Bridge Fusion Systems has existed, survived and thrived for over 11 years without a blog. Heck, we’ve gone that long without anything that could be called even an outline of a cloud of a sales and marketing strategy. No strategy or even any regularity or discipline, for that matter is the way we had been finding business.
Bridge Fusion Systems was founded with the idea that “landscape view” is what you need to build high quality systems that interact with the physical world. That big picture isn’t enough; you also need to be able to control the details along the way. When you’re building a system that “just turns a motor, reads a sensor and has some buttons an a display” there’s a myriad of ways to whip up some pieces to do that. Each of those ways have different cost, development time and project risk tradeoffs. Paying attention to how to put a system together to meet the customer’s needs and then being able to do that needs attention that covers the area from mechanical to software and user interface.
In short, for the last 11 years we’ve been down in the weeds, trying to do the right things for our customers to get their right product built, their right problems fixed for the right cost on the right schedule.
So, why the blog?
My plan for this blog is that we pull the curtain back a little on the kinds of things that we do here. One of the primary uses I see for it is in demonstrating how we take things apart to figure out what’s inside. And by “what’s inside” I mean hardware, electronics, software, data structures and communication protocols. The things that we can take apart in public will likely not be any of our client’s products, at least to any level of useful detail, unless they ask us to take them apart for you like that.
We can disassemble a myriad of other things that land in our laps. I mentor a First Tech Challenge robotics team. There are a bunch of controls topics that I’ve tried to teach them.
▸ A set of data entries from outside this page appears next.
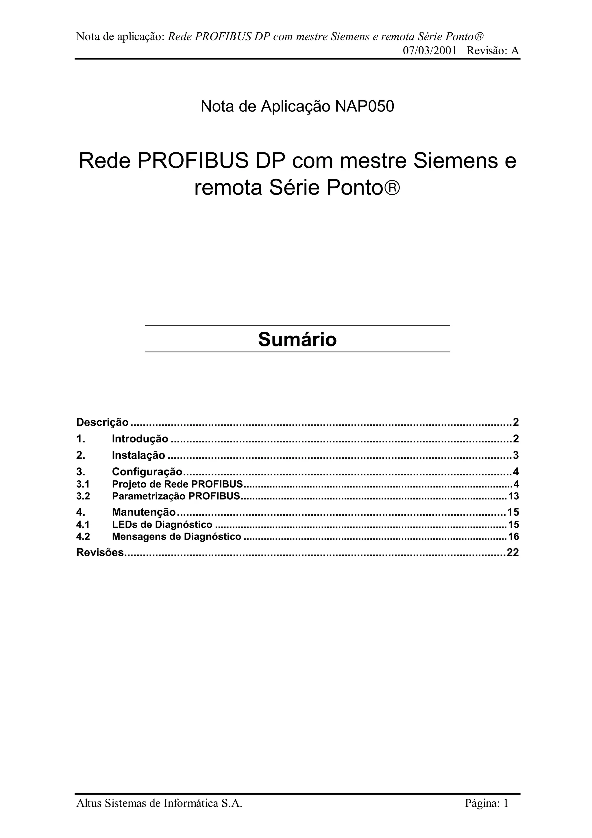 Este documento descreve como configurar uma rede PROFIBUS DP utilizando uma CPU Siemens S7-300 como mestre e uma cabeça de rede Altus Série Ponto como escravo, além de módulos de E/I remotos. Ele explica como criar o projeto no software STEP 7, inserir os equipamentos, definir seus endereços e parâmetros, e transferir a configuração para a CPU.
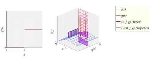 A 3D plot, with , , and all along orthogonal axes, leads to a geometric interpretation of the Riemann–Stieltjes integral.[8]
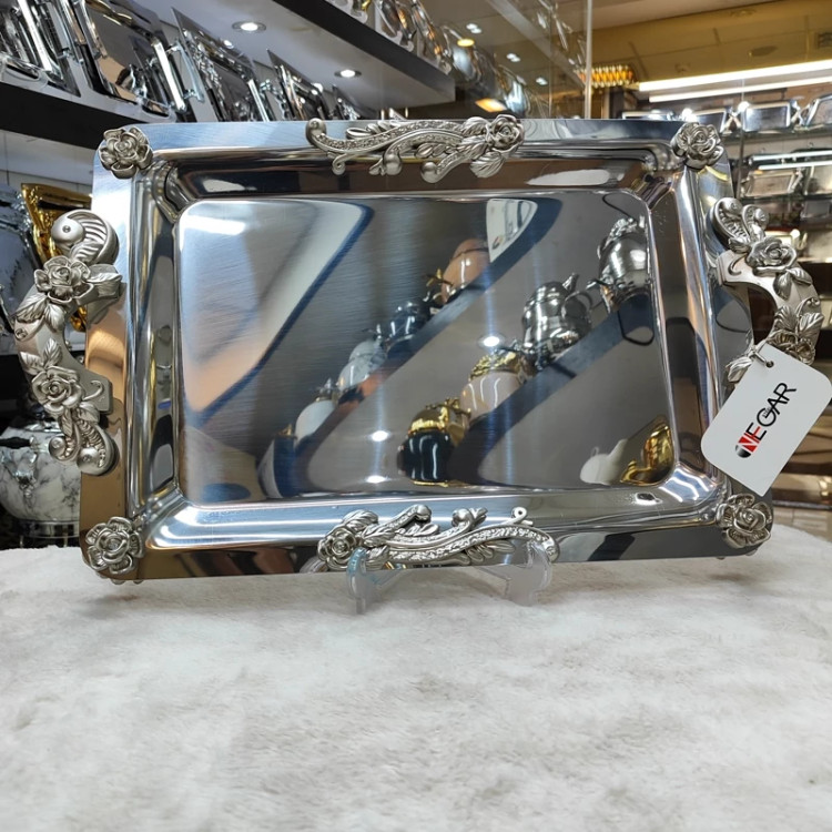 سینی استیل پذیرایی بزرگ پایه دار(نگار)
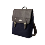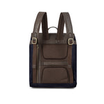 Mochila-ryggsekk - brunt skinn med marineblått lerret
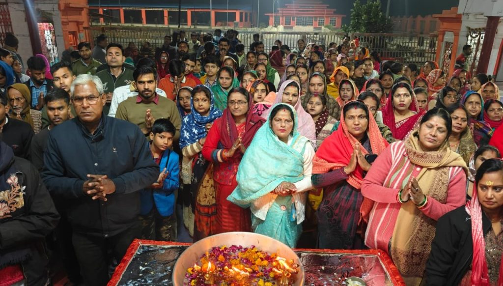 नगर के प्रसिद्ध श्री संकटा देवी मंदिर में माघ माह की पूर्णिमा के पावन अवसर पर रविवार की सायं भव्य सामूहिक आरती का आयोजन किया गया। इस धार्मिक आयोजन में सैकड़ों श्रद्धालु भक्तों ने सहभागिता कर वातावरण को भक्तिमय बना दिया। वाद्य यंत्रों की मधुर थाप, संगीतमय आरती और जयघोष से पूरा मंदिर परिसर गुंजायमान हो उठा।
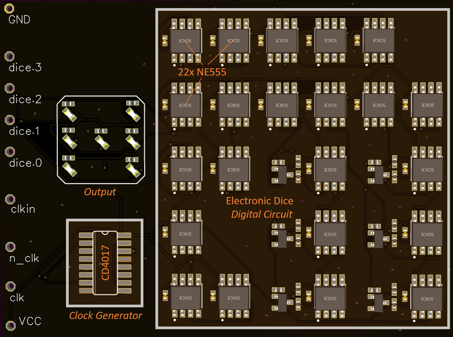 Well, i’d say it’s a bit more than a dice with the old role-models of NE555 and CD4017 require, but who are we to judge? Still small enough to comfortably build and test.

I’m planning on having one of my interns who is a team alumnus explain some cool things we did this year.
The 11 year sales & marketing drought and this re-irrigation of it reflects another aspect of Bridge Fusion Systems. I’ve been accused of saying that our goal here in our work is “…to be iteratively less stupid”. I’ll avoid using some cliché like “continuous improvement” because the truth is that it’s hard emotionally, time-allocation-aly, to reflect on what you’ve done and what you should do differently and then figure out what you can change without breaking the working parts. We try to do that kind of self reflection at the design and project level. We’re starting to do that at the business level.